I Mean, Really, What is Risk Tolerance Anyway?

Since the dawn of time (well, that might be a tad exaggerative), financial advisors have been trying to devise ways to mathematically calculate and predict the very subjective and complex matter of their clients’ risk tolerance. 

Even the supposedly “objective” side of risk tolerance, also known as “risk capacity” (how much loss can a client withstand and still financially reach their goals), assumes an extremely narrow perspective of possibility, focusing solely on individually accumulated funds as the only method of reaching a goal. How would one calculate and include the potential opportunities the individual’s community of friends, family, or special interest groups might provide? Or the discovery of alternative methods for reaching their goal that don’t require the specified financial funds?  Ironically the calculation of risk capacity excludes the one thing that might actually INCREASE the individual’s risk capacity - the creative art of possibility thinking.

Ironically, the calculation of risk capacity excludes the one thing that might actually INCREASE the individual’s risk capacity - the creative art of possibility thinking. Click To Tweet

And, don’t even get me started on the problems with trying to calculate the “subjective” side of risk tolerance, or an individual’s “risk preference.”  Well, ok, I’m already riled up. Most risk tolerance questionnaires ask clients to assess or predict how they would react given various scenarios of market downturns. Although this can provide some useful information about their perspective while in a calm and safe space (they are aware these dire market scenarios are not actually occurring in the moment), their predictions are likely to be wildly inaccurate. The truth is, we can’t accurately predict how we will respond to unexpected or traumatic scenarios. When anxiety or fear strikes, our analytical brains shut down and fight, flight, fawn, or freeze responses override our bodies and brains. You and your clients will act in unpredictable and possibly illogical ways.

Rather than taking a qualitative data gathering type approach to understanding this information, our profession has tried to squeeze these deeply human complexities into a very black and white, quantitative data gathering method.

Let’s consider for a moment, how these reactions to unexpected events were formed and how they manifest in our lives. A part of how we respond is based on personality traits we were born with (think temperament and perceptiveness), but a large portion is based on learned experience (what has successfully kept us safe in dangerous situations). Over time, our “trauma responses” become very quick, automatic, and subconscious. This means, your clients may not consciously recognize, without mindful reflection, how they’ve responded to challenges throughout their own lives.

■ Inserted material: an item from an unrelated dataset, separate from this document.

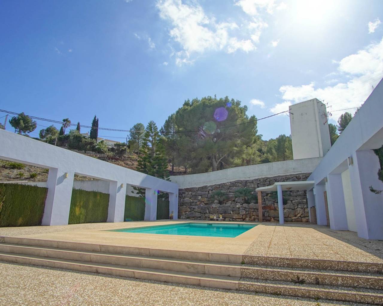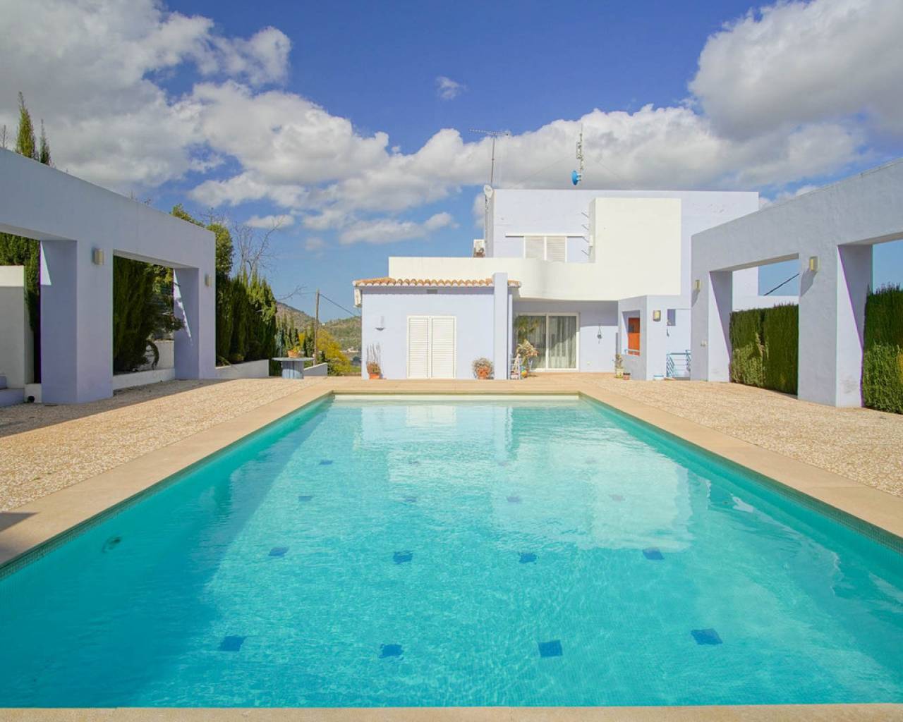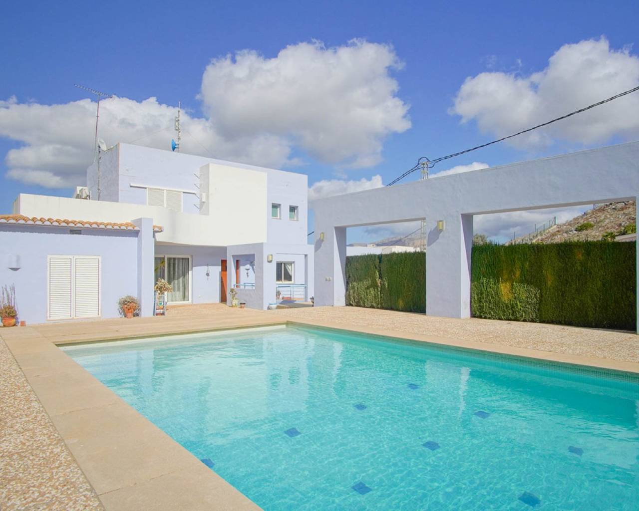 Welcome to this spectacular detached villa, a true solar paradise nestled on a gently sloping plot that embraces a lush Mediterranean garden and a swimming pool complete with dreamy chill out area, outdoor bathroom and a barbecue area perfect for memorable gatherings. From here, panoramic views of the majestic mountains and, on clear days, even glimpses of the sparkling Mediterranean Sea. This impressive property has two entrances, one at the top ideal for parking several vehicles, and another that leads directly to three private garages. Crossing the main threshold, you will be greeted by a welcoming living-dining room and a fully equipped eat-in kitchen, both with access to a terrace offering picture postcard views. Furthermore, on this floor, you will find a full bathroom and two bedrooms, one of which opens directly onto the swimming pool, inviting you to enjoy a dip at any time. Ascending an elegant staircase, you will find a surprisingly open-plan area on the first floor, which includes an office with inspiring panoramic views, a luxurious dressing room that leads to the master bedroom and a designer bathroom that perfectly combines functionality with luxury. This space becomes an oasis of tranquillity where you can relax and delight in the incomparable views of the valley. As if that wasn't enough, the semi-basement has been cleverly designed to function as an independent flat, offering an additional bedroom, a well-equipped bathroom, a laundry area with its own patio and a versatile space ready to adapt to your needs. Strategically located, this property offers easy access to the motorway and national road, allowing you to quickly reach destinations such as Alicante and Valencia. Imagine being able to enjoy the peace and serenity of your own Mediterranean oasis, while knowing that just a few minutes' drive away you have at your disposal all the amenities and services that these vibrant cities have to offer. Both Alicante with its bustling coastal life and international airport, and Valencia with its rich history and cosmopolitan modernity, are within easy reach. Whether it's a day of shopping in the exclusive shopping centres, an afternoon of culture in the museums and theatres, or simply savouring the delicious local cuisine, you'll have it all at your fingertips. And when you return home, you will be greeted by breathtaking views of the mountains and the Mediterranean Sea, reminding you that you have found the perfect balance between urban life and the tranquillity of the countryside. This property is more than a home, it's a lifestyle, whether for a large family or for those who love to host, here you will find the perfect space and ambience to create unforgettable memories... Discover the magic of living in Pedreguer and make this place your home where every day becomes a new adventure, come and discover your luxury retreat in the heart of the Mediterranean!

At Money Quotient, we believe a far more accurate assessment of your clients’ subjective risk tolerance can come from guiding them in exploring and reflecting on unexpected or difficult challenges they have had to navigate in the past. Besides financial loss, have they managed other types of losses in the past? Have there been various types of obstacles that have thrown them off track? How did they respond to those incidents? What skills, abilities, and relationships helped them cope or make it through? 

Because these behaviors have been largely subconscious for most of their lives, they will likely not have well formulated thoughts to share immediately. A well-constructed practical process with effective questions can assist in guiding the clients to insight and awareness.

Becoming aware of these instinctual reactions will not only help you to more accurately align your financial strategies with your clients’ risk tolerance, but it will also be the first step in addressing their own problematic behaviors. Changing these deeply engrained reactions requires time, patience, practice, and another blog post!